Pattern: the market reacts to (a) Alberta wholesale prices, (b) accretive US M&A, and (c) the AI-demand narrative — in that order of durability. It is not an earnings-surprise-driven name quarter-to-quarter; it is a macro-power-price + capital-deployment story.
Phase C — Judge people & books
Lens 9 · Management
CEO — Avik Dey (President & CEO since 2023). This is a capital-allocator CEO, not a lifer operator — and that fact explains the entire strategy.
- Track record. Ex-Managing Director & Head of Energy/Natural Resources at CPP Investments (CPPIB) — built that group "from an idea to a leading global energy-transition investor," sat on boards of CPPIB-owned oil & gas companies; then co-head of Carlyle International Energy Partners; then CFO of NOVA Chemicals (2021–22). Claims to have "invested over $12B" across energy/energy-transition. Named to Canada's Top 40 Under 40.. This is a private-equity/institutional-capital pedigree — which is exactly why Capital Power now behaves like a PE-style rollup (Apollo partnership, buy-merchant-gas, sell-down-renewables-at-a-return, fee income).
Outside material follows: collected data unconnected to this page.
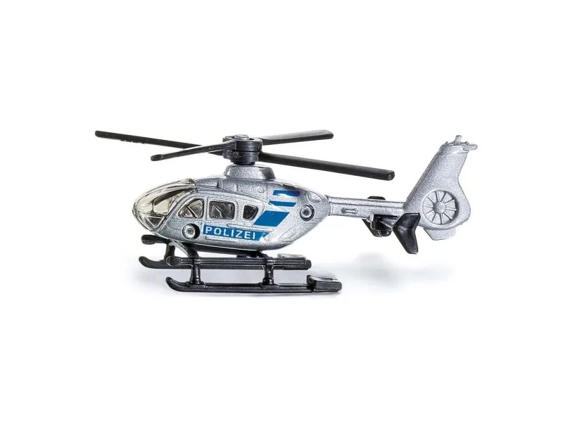 Detailed toy model of a police helicopter with robust and stable metal frame, Movable rotors. Perfect addition to other siku products. Material: metal/plastic, Dimensions: 7.4 x 4.7 x 3.1 cm.
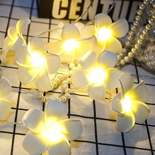ANZOME 20-led string luce bianca artificiale plumeria fiore hawaiano schiuma alimentato a batteria luci per la festa di matrimonio di fata
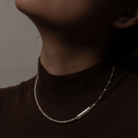 2.5-3.0mm Pearl and Sterling Sliver Beaded Necklace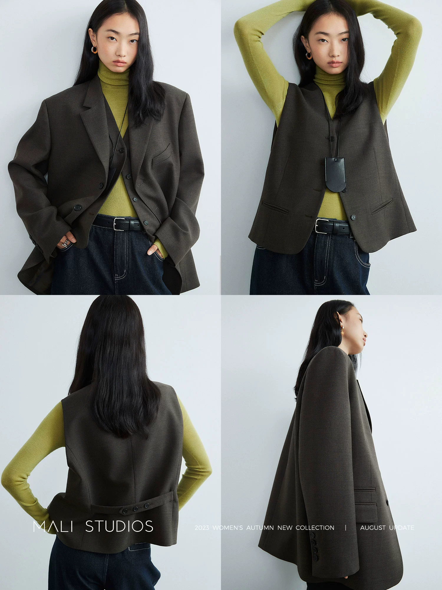 MALI|超A博主风意大利色织格纹精纺羊毛VTG叠穿经典老钱马甲西装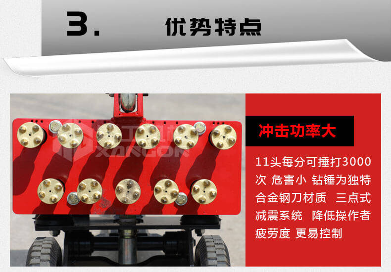 1、11個鑿毛頭的沖擊功率大,可達2200blow/分鐘,危害小;

- Tenure & skin in the game. ~2.5 years in the seat. Insider ownership is thin: direct holding ~0.003% of shares (~C$273K) against ~C$5.39M total annual comp (17.7% salary / 82.3% incentive). Flag: low direct ownership relative to comp — alignment is via incentive plans, not a large founder-style equity stake. For a CEO steering a bet-the-balance-sheet pivot, more personal skin would be reassuring.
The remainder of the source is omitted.